Я первый получил кусок жареного мяса. Посолив, быстро съел и захотел добавки. Угрх никуда не торопится. Лениво отделяет от туши зайца новые пластинки и кладёт их на разогретый костром камень. Ещё два камня лежат в огне и скоро будут готовы. Процесс только начат. Заяц по вкусу напоминает сильно жирную баранину.
— Угрх, а почему ты не ешь сырое мясо? — спросил Андрюха, снова высунув голову из шкуры. — Или всё-таки ешь?
Медведь отделил от туши зайца ещё одну пластинку мяса и забросил её в пасть. Немного пожевав, проглотил и поморщился. Недовольно ответил:
— Сырое мясо мне не может навредить. Ем я его в крайнем случае. Приготовленное намного вкуснее. Вы, как и я, всеядны. Есть желающие попробовать сырого мяса?
Ответа не последовало. Угрх вытащил из костра два успевших нагреться камня, и новые пластинки мяса зашипели и начали жарится.
— Андрюха, — я сел и завернулся в шкуру, оставив открытой только голову. — Когда ты говорил, что мы пойдём через Черногорье, ты не врал?
Боков кивнул:
— Я понимал, что нас ждёт, но другого выхода просто не видел. Теперь я понимаю, что, если бы не Угрх, мы бы не протянули в горах и дня. Это ты хотел услышать, Никита?
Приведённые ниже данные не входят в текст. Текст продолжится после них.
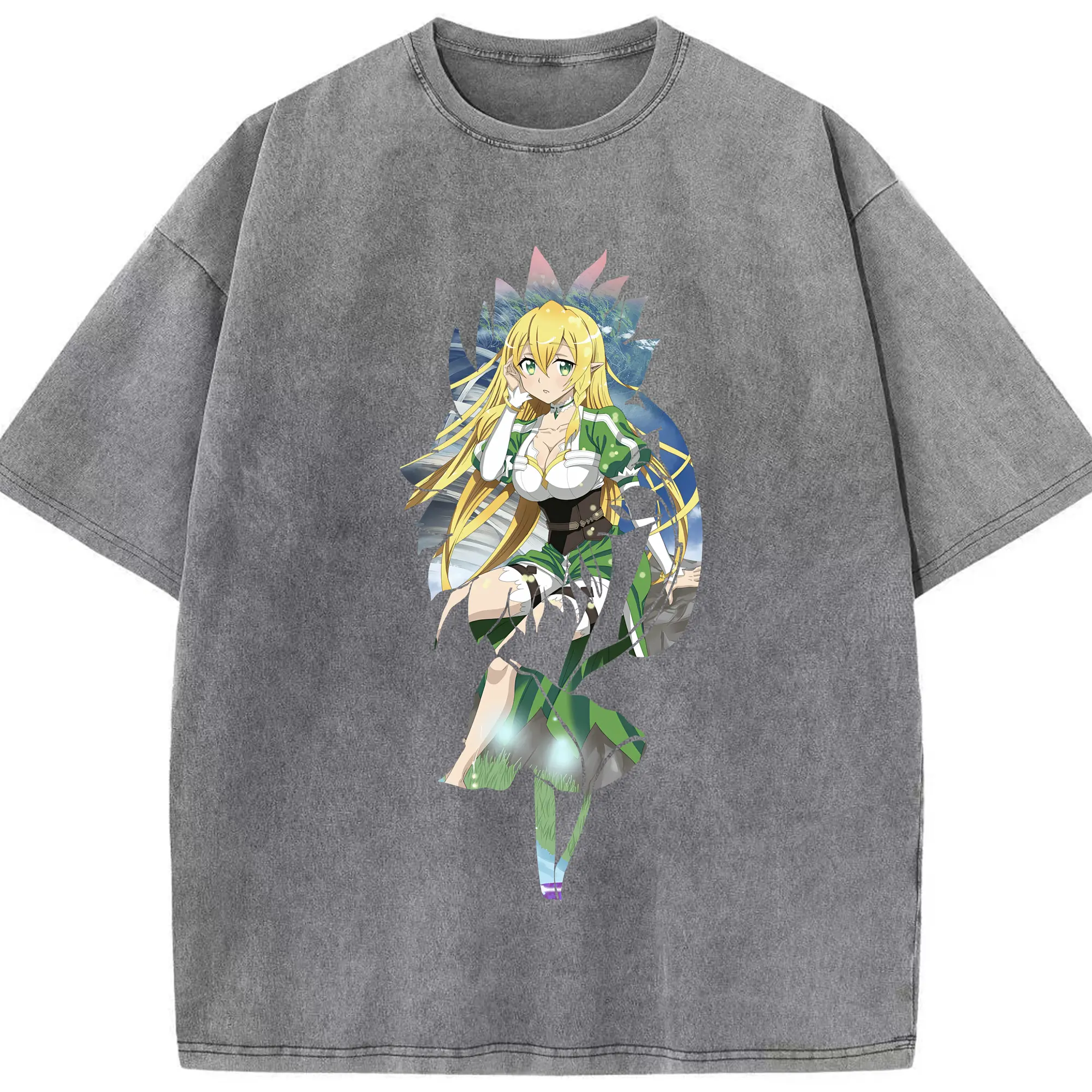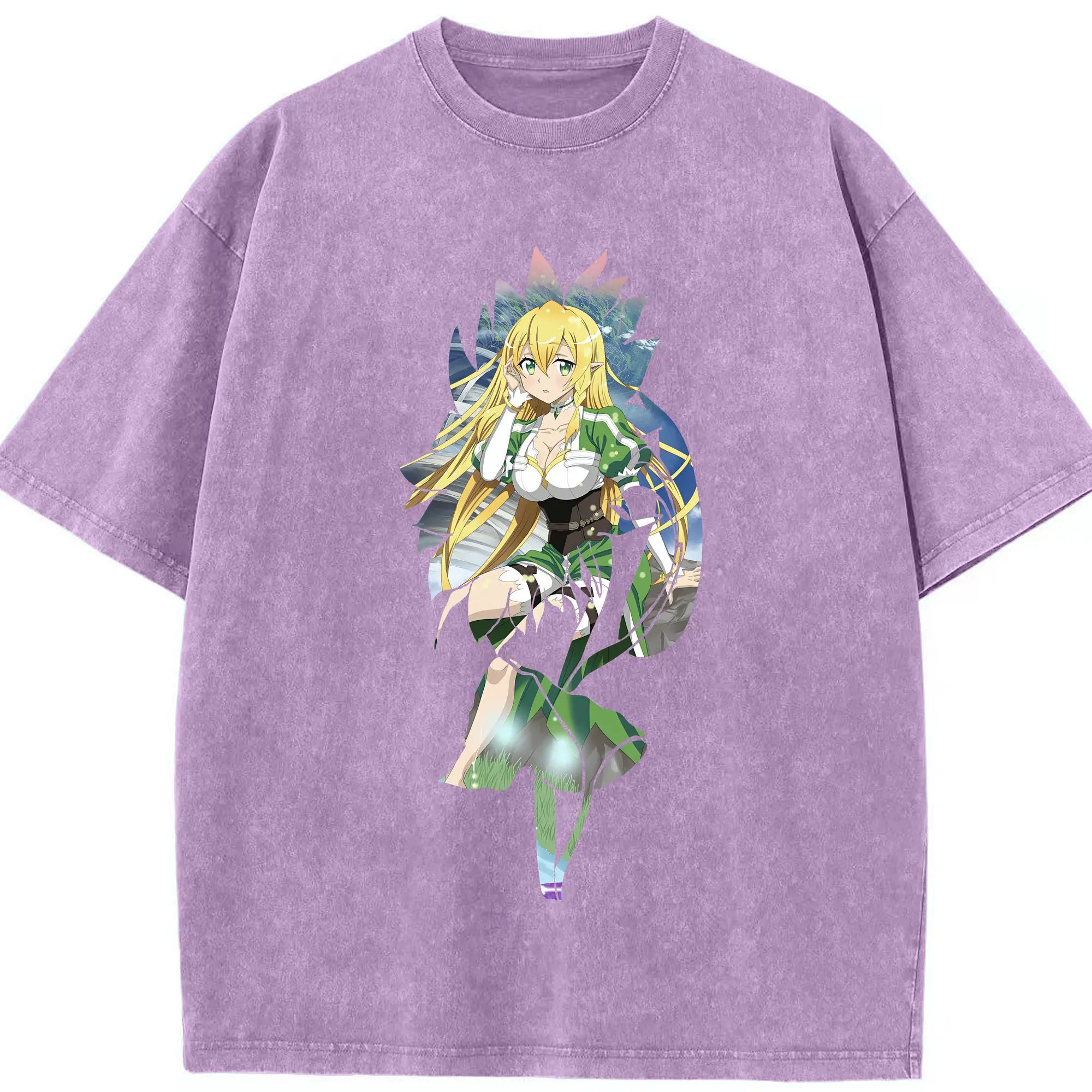 ソードアートオンライン グッズ リーファ - 綿100% ヴィンテージ風 半袖Tシャツ ・ 背面プリント ・ 柔らか肌触り ・ 通気性 快適 ・ スポーツ カジュアル 外出用

Угрх опередил меня и сказал:
— Мы всё ещё в горах и говорить о том, что опасности миновали, пока рано. Самое сложное впереди. Я пока не определился, каким путём мы пройдём хребет. По поверхности вам пройти будет сложно и, скорее всего, невозможно. Хребет находится слишком высоко. Там намного холоднее и ветренее. Вы не выдержите перехода. Второй путь лежит через пещеры, и он для вас намного легче физически. Увы, но в пещерах водятся большие и злые твари, а я, если не забыли, не берсерк. Эти твари могут убить меня. Затем они убьют вас.
— Так себе перспектива… — пробормотал я.
— А если нам обойти хребет? — предложил Андрюха.
Угрх посмотрел на него как на идиота и ответил:
— Вы не выдержите столь долгого перехода. Это первая причина. Вторая — если эти места относительно безопасны, то другие такими не являются. Мы можем случайно попасть на территорию, которую контролируют племена живущих в облаках. Твари, что водятся в пещерах, покажутся пустяком. Вы знаете, кто такие живущие в облаках?